Chemotherapy-induced neuropathy is one of the severe side effects of cancer therapy. Moreover, chronic bone marrow damage by chemotherapy accompanies impaired HSC function or hematopoietic regeneration, and this leads to reduced recovery of bone marrow microenvironment cells. In particular, chemotherapy drugs such as cisplatin induces sympathetic neuropathy by reducing the expression of Th fibers. In our study, cisplatin-induced bone marrow dysfunction and SNS injury were prevented by NPY treatment, which reduced cisplatin-induced apoptosis of BM cells. This protective effect of NPY was not found in conditional Y1 receptor knockout mice in macrophages. To explore the specific mechanism of NPY/Y1 receptor-mediated improvement of cisplatin-induced bone marrow dysfunction, we performed an in vitro experiment evaluating the differentiation of PC12 cells into neurons. PC12 cells exposed to conditioned medium (CM), derived from the NPYtreated control macrophages, showed neural differentiation capacity, but not in Y1 receptor deficient macrophages treated with NPY. Taken together, these results highlight the fact that NPY has a potential therapeutic value for chemotherapy-induced bone marrow abnormalities, and the trophic or bioactive factors secreted from macrophages through NPY/Y1 regulation mediates neural protection. Transforming growth factor-beta (TGF-β) has been known to play a key role in the regulation of neuronal survival, differentiation and repair processes in the nervous system. We confirmed that the PI3K/Akt/mTOR/eIL4E signaling pathway, which produces TGF-β, was activated in macrophages with NPY treatment, resulting in an up-regulation of TGF-β secretion or expression in macrophages. Therefore, these results indicate that TGF-β released by NPY-mediated Y1 receptor stimulation in macrophages is responsible for neuroprotection and HSC survival in bone marrow.

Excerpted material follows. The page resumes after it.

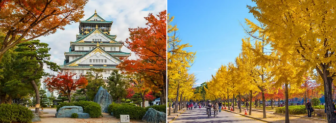 특히 오사카 성 공원 서쪽의 나시노마루 정원의 단풍은 매우 아름답습니다. 붉게 물든 약 300그루의 벚나무가 당당한 자태를 드러내는 오사카 성과 어우러져 중후함과 아름다움을 함께 즐길 수 있는데요. 노랗게 물든 은행나무 가로수길을 여유롭게 걸으며 산책하는 것도 큰 즐거움이죠.
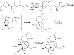 An alternative approach to synthesizing the three-ring backbone makes use of radical reactions to create the first and third rings in a single step, followed by the creation of the remaining ring. It has been proposed by the Masayuki Inoue group of the University of Tokyo.[11][12]

In conclusion, our findings suggest a new role of NPY as a regulator for bone marrow HSC microenvironment (Fig. 1). Moreover, we suggest that NPY or Y1 agonists have a potential clinical utility as neuroprotective agents for patients treated with chemotherapy. With an increase in patients suffering from cancer, the development of drugs is important for reduction of chemotherapy-induced side effects. NPY has a high clinical value to improve bone marrow impairments by chemotherapy, due to a stable peptide that is synthesized naturally. Therefore, the modulation of the endogenous bone marrow HSC microenvironment by NPY could be an effective therapeutic approach. Further studies investigating the functional role of NPY on bone marrow HSC microenvironment under pathological conditions may provide more valuable information on the mechanisms of interaction with the nervous system and HSC microenvironment.

Fig. 1.

Model of NPY mediated regulation of HSC microenvironment. Under homeostatic conditions of bone marrow, HSCs reside in the perivascular niche. SNS regulates EC and Nestin+ MSCs associated with HSC retention in perivascular niche. (1) Under condition of NPY deficiency in the bone marrow environment, (A) destruction of SNS fibers and endothelial cell death occurs, and (B) nestin+ MSCs decrease, since macrophages expressing Y1 receptor cannot support these niche cell survival. Thus, (C) survival of HSCs residing in the perivascular niche is reduced. (2) In mouse model of NPY deficiency or chemotherapy-induced SNS nerve injury, NPY treatment promotes neuroprotection from SNS fiber destruction by TGF-β secreted from macrophage through the Y1 receptor, resulting in prevention of HSC loss.